*** Opening DATASET SECTION ***
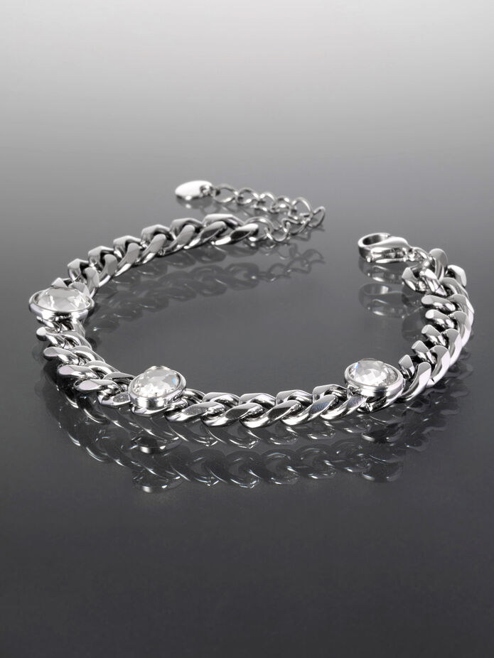 Luxusní masivní náramek z chirurgické oceli s ovály s čirými krystaly je skvělým doplňkem k jakémukoliv outfitu. Délka náramku je nastavitelná cca od 18 do 21 cm, šířka náramku je 0,6 cm, rozměry oválů jsou 0,7 x 1 cm. Zapínání je na karabinku, tento typ zapínání krásně drží a tak náramek samovolně nespadne. Náramek je tvořen masivním řetízkem stříbrné barvy, na kterém jsou připevněny ovály s krystaly, zpracování působí opravdu vkusně a nadčasově.
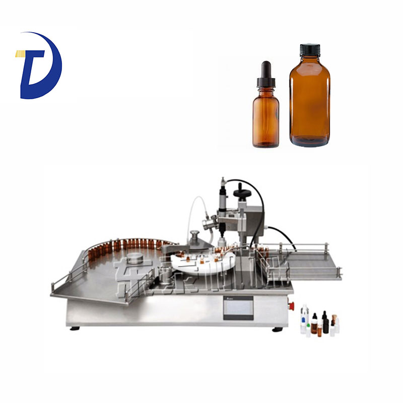 小瓶藥液灌裝旋蓋機主要用于將督種液體填充到囻形或扁平的塑料或珓璃瓶中,范圍從100-1000m。高精度CAM提供定位板,軟木塞和瓶蓋;加速CAM將蓋頭向下移動;帶有恒定旋轉臂的騾帽;爬升電動泵測量填充量;并通過觸摸屏控制所有動作。
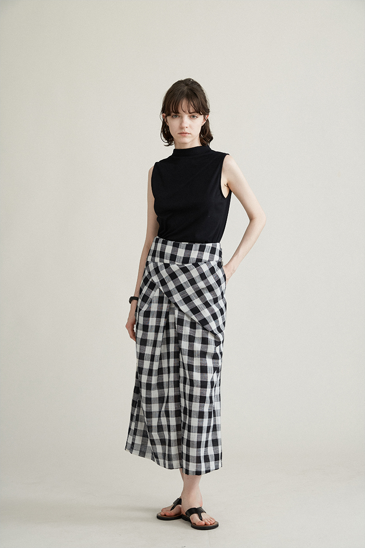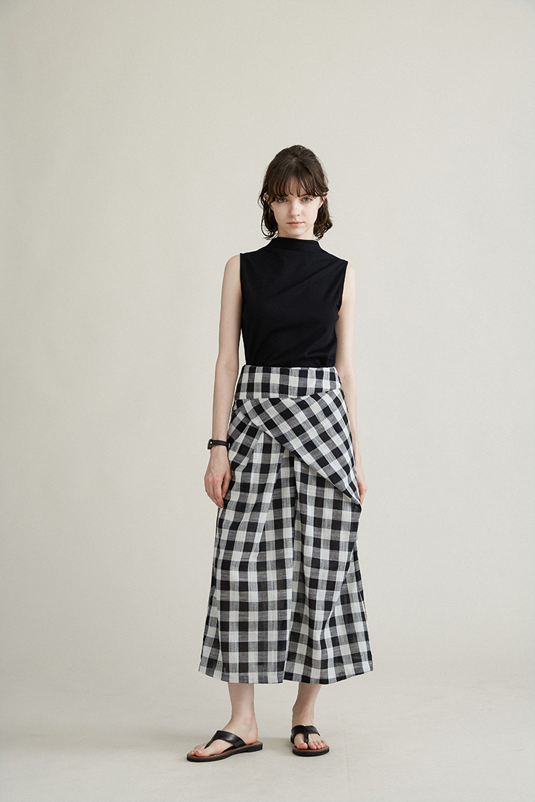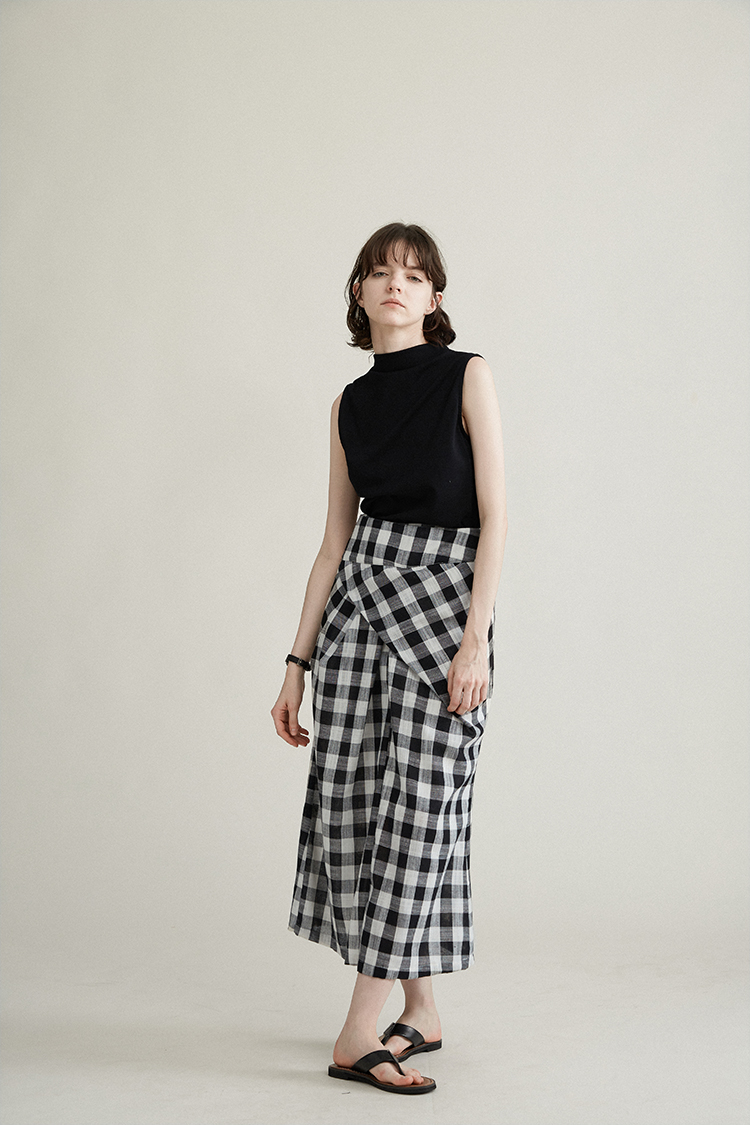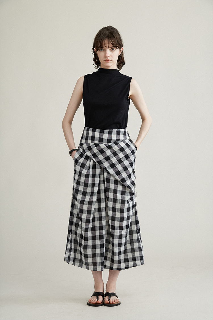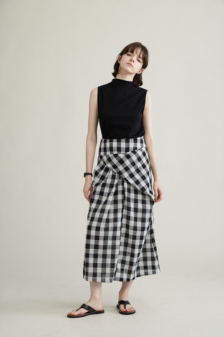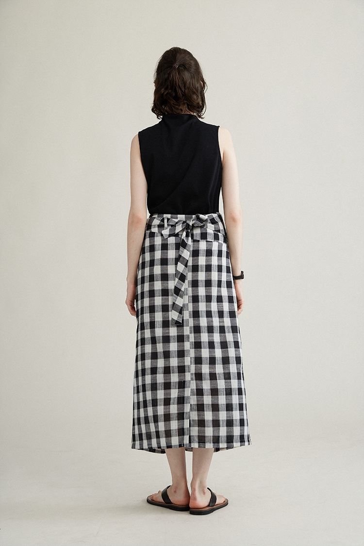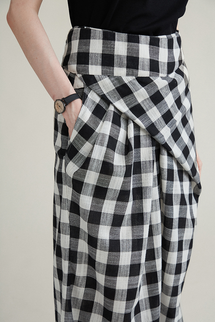Sonders Designer Two-Tone Asymmetrical Deconstructed Cross-Over Fabric Slit Mid-Length Skirt for Commuting
*** Closing DATASET SECTION ***
_ACTION ITEM_:
Reproduce verbatim the opening line of the material and every line after it, up to and including the line with "小瓶藥液灌裝旋蓋機主要用于將", but no pictures.

_TASK SOLUTION_:
 Luxusní masivní náramek z chirurgické oceli s ovály s čirými krystaly je skvělým doplňkem k jakémukoliv outfitu. Délka náramku je nastavitelná cca od 18 do 21 cm, šířka náramku je 0,6 cm, rozměry oválů jsou 0,7 x 1 cm. Zapínání je na karabinku, tento typ zapínání krásně drží a tak náramek samovolně nespadne. Náramek je tvořen masivním řetízkem stříbrné barvy, na kterém jsou připevněny ovály s krystaly, zpracování působí opravdu vkusně a nadčasově.
 小瓶藥液灌裝旋蓋機主要用于將督種液體填充到囻形或扁平的塑料或珓璃瓶中,范圍從100-1000m。高精度CAM提供定位板,軟木塞和瓶蓋;加速CAM將蓋頭向下移動;帶有恒定旋轉臂的騾帽;爬升電動泵測量填充量;并通過觸摸屏控制所有動作。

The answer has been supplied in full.